__INSTRUCTIONS TO FOLLOW__:
From the records below, output exactly the lines running from the line containing "#ハーティーパイロッツ ボス3人目。 長い黒髪の巫女さん。" through the line containing "of verdure overhead.", and no others.

__PROVIDED MATERIAL__:
::::

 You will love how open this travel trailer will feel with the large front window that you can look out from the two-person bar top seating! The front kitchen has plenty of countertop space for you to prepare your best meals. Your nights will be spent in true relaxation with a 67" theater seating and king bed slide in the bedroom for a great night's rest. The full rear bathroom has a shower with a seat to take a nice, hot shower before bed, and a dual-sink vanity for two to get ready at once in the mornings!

::::

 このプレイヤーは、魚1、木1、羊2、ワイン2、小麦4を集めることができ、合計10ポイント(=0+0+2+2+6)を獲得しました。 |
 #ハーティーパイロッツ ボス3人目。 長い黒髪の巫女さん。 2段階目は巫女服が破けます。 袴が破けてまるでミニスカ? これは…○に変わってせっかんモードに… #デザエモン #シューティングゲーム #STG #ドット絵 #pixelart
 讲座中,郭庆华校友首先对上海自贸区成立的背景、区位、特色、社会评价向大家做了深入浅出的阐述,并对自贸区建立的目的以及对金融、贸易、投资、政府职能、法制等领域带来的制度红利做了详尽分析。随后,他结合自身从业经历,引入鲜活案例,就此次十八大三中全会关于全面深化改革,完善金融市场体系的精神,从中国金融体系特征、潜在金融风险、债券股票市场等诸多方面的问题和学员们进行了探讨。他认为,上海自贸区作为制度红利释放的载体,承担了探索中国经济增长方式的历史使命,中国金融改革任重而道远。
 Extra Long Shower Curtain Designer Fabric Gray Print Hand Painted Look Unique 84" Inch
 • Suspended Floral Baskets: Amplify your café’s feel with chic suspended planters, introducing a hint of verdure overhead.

::::

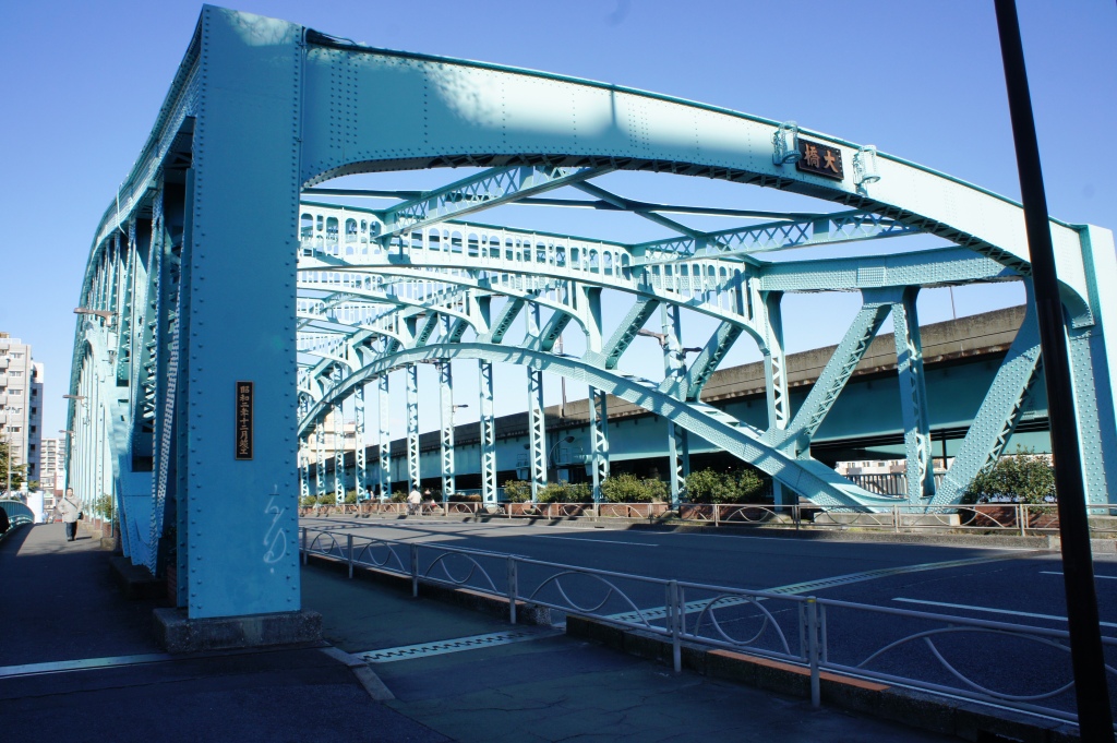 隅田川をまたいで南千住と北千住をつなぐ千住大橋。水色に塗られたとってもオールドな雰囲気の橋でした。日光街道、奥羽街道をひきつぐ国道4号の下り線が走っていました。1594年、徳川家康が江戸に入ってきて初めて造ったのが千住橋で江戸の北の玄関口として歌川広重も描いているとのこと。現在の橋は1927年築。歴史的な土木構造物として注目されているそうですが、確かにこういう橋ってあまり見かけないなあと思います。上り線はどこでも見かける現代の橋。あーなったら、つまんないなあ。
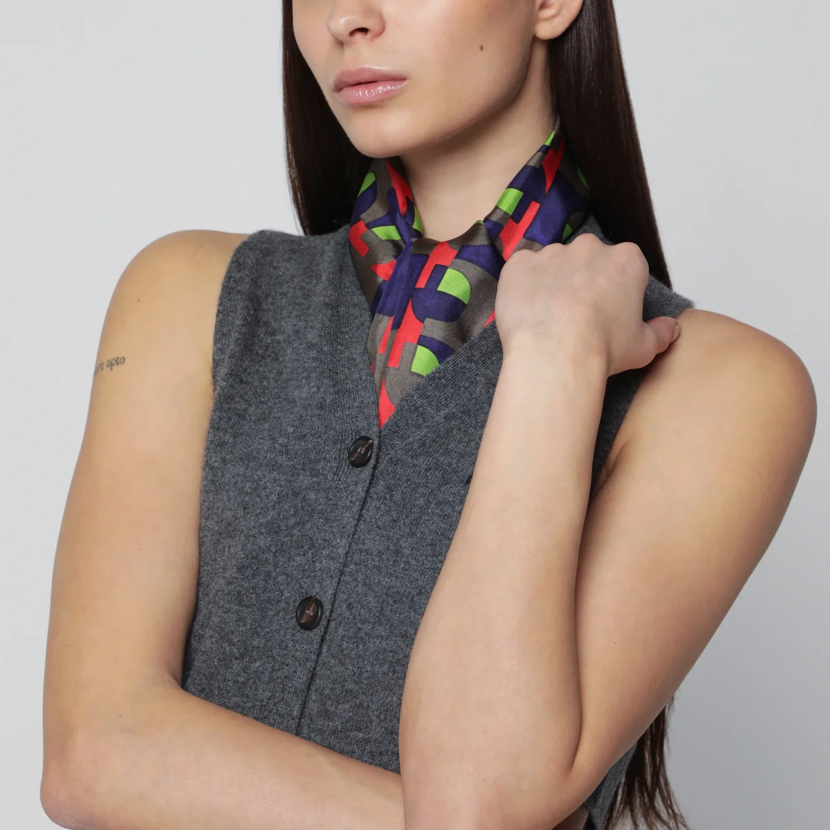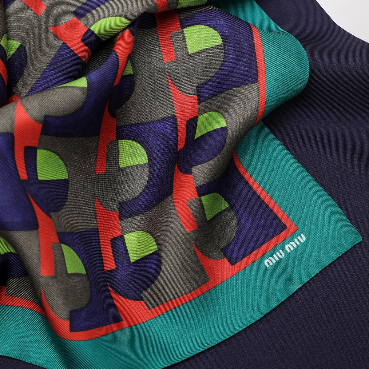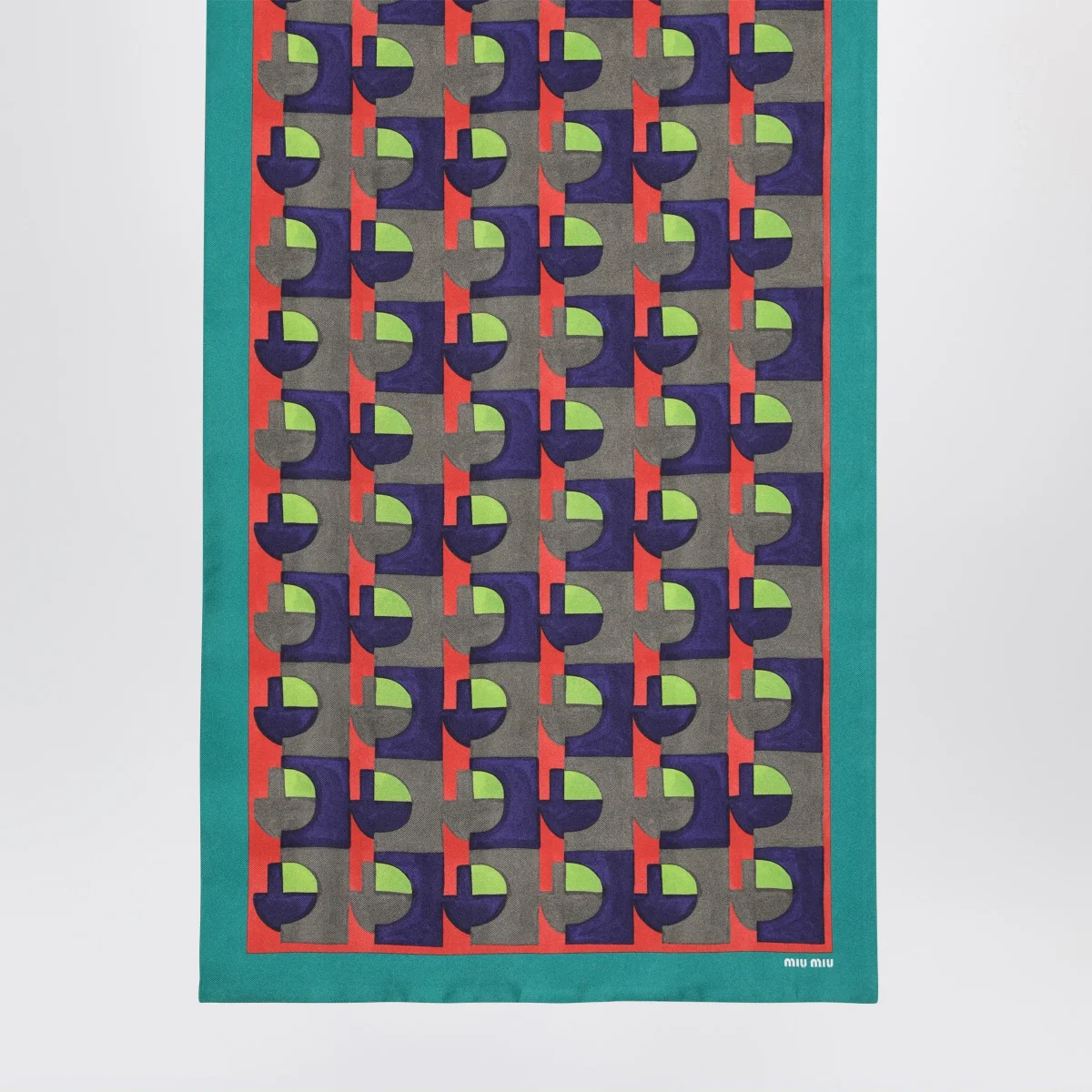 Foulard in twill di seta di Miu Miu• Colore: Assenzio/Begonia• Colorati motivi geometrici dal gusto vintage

::::

__WRITTEN RESPONSE__:
 #ハーティーパイロッツ ボス3人目。 長い黒髪の巫女さん。 2段階目は巫女服が破けます。 袴が破けてまるでミニスカ? これは…○に変わってせっかんモードに… #デザエモン #シューティングゲーム #STG #ドット絵 #pixelart
 讲座中,郭庆华校友首先对上海自贸区成立的背景、区位、特色、社会评价向大家做了深入浅出的阐述,并对自贸区建立的目的以及对金融、贸易、投资、政府职能、法制等领域带来的制度红利做了详尽分析。随后,他结合自身从业经历,引入鲜活案例,就此次十八大三中全会关于全面深化改革,完善金融市场体系的精神,从中国金融体系特征、潜在金融风险、债券股票市场等诸多方面的问题和学员们进行了探讨。他认为,上海自贸区作为制度红利释放的载体,承担了探索中国经济增长方式的历史使命,中国金融改革任重而道远。
 Extra Long Shower Curtain Designer Fabric Gray Print Hand Painted Look Unique 84" Inch
 • Suspended Floral Baskets: Amplify your café’s feel with chic suspended planters, introducing a hint of verdure overhead.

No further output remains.